RAW DATA:
+++

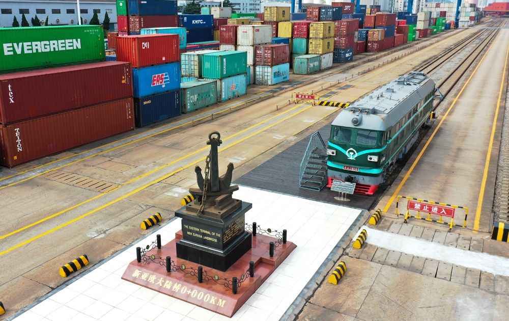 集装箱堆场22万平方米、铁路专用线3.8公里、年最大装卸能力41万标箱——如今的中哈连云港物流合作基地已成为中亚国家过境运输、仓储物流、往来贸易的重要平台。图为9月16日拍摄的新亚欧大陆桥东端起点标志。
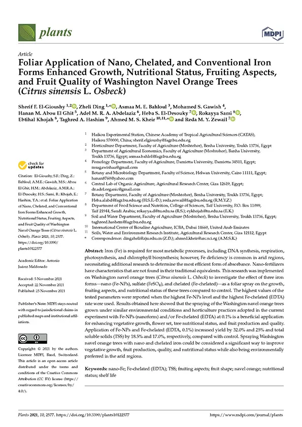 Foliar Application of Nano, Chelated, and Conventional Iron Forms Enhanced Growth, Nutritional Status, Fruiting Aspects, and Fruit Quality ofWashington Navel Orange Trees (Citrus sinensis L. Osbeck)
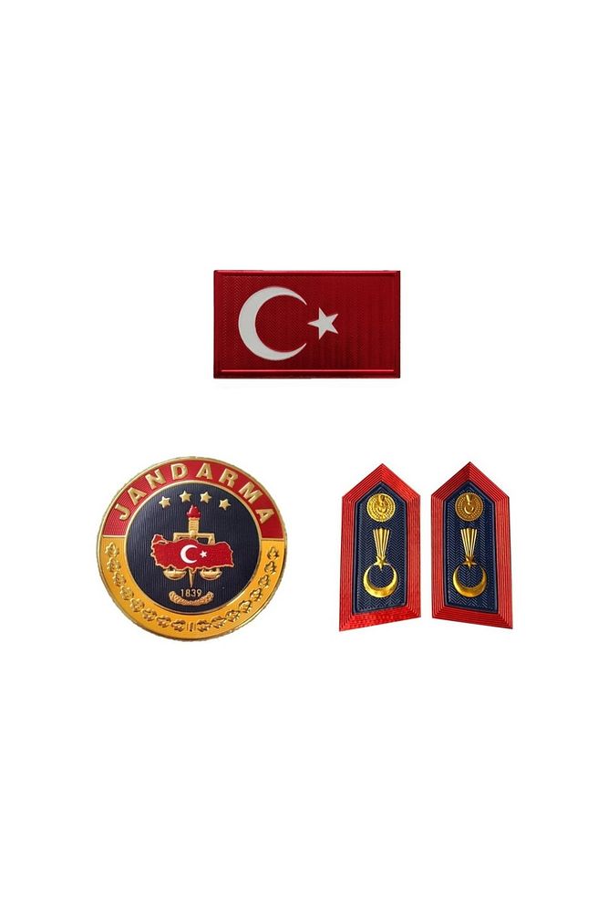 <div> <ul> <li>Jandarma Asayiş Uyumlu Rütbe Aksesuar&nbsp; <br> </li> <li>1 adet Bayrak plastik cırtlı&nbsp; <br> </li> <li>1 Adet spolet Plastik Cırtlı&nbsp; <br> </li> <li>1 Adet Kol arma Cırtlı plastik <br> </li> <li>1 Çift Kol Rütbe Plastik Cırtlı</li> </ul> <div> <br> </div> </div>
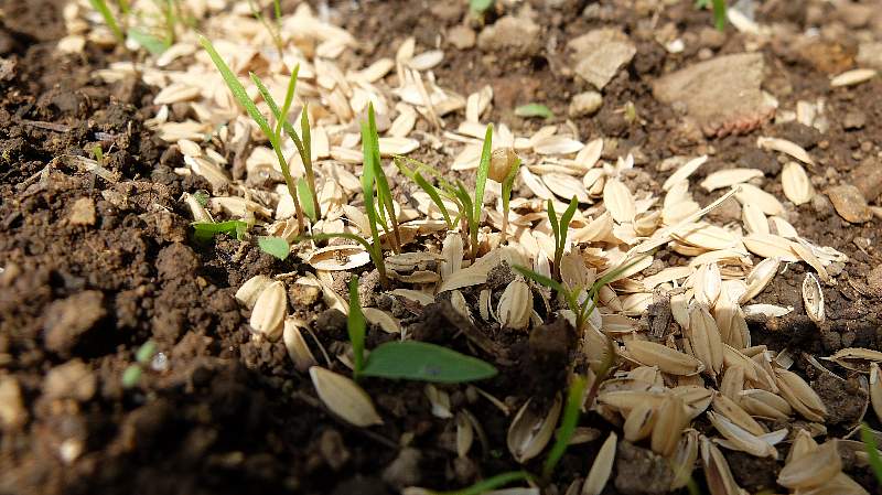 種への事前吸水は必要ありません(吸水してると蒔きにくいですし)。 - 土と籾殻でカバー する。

+++

The answer is every line of the data, exactly as written, with the pictures dropped.

 集装箱堆场22万平方米、铁路专用线3.8公里、年最大装卸能力41万标箱——如今的中哈连云港物流合作基地已成为中亚国家过境运输、仓储物流、往来贸易的重要平台。图为9月16日拍摄的新亚欧大陆桥东端起点标志。
 Foliar Application of Nano, Chelated, and Conventional Iron Forms Enhanced Growth, Nutritional Status, Fruiting Aspects, and Fruit Quality ofWashington Navel Orange Trees (Citrus sinensis L. Osbeck)
 <div> <ul> <li>Jandarma Asayiş Uyumlu Rütbe Aksesuar&nbsp; <br> </li> <li>1 adet Bayrak plastik cırtlı&nbsp; <br> </li> <li>1 Adet spolet Plastik Cırtlı&nbsp; <br> </li> <li>1 Adet Kol arma Cırtlı plastik <br> </li> <li>1 Çift Kol Rütbe Plastik Cırtlı</li> </ul> <div> <br> </div> </div>
 種への事前吸水は必要ありません(吸水してると蒔きにくいですし)。 - 土と籾殻でカバー する。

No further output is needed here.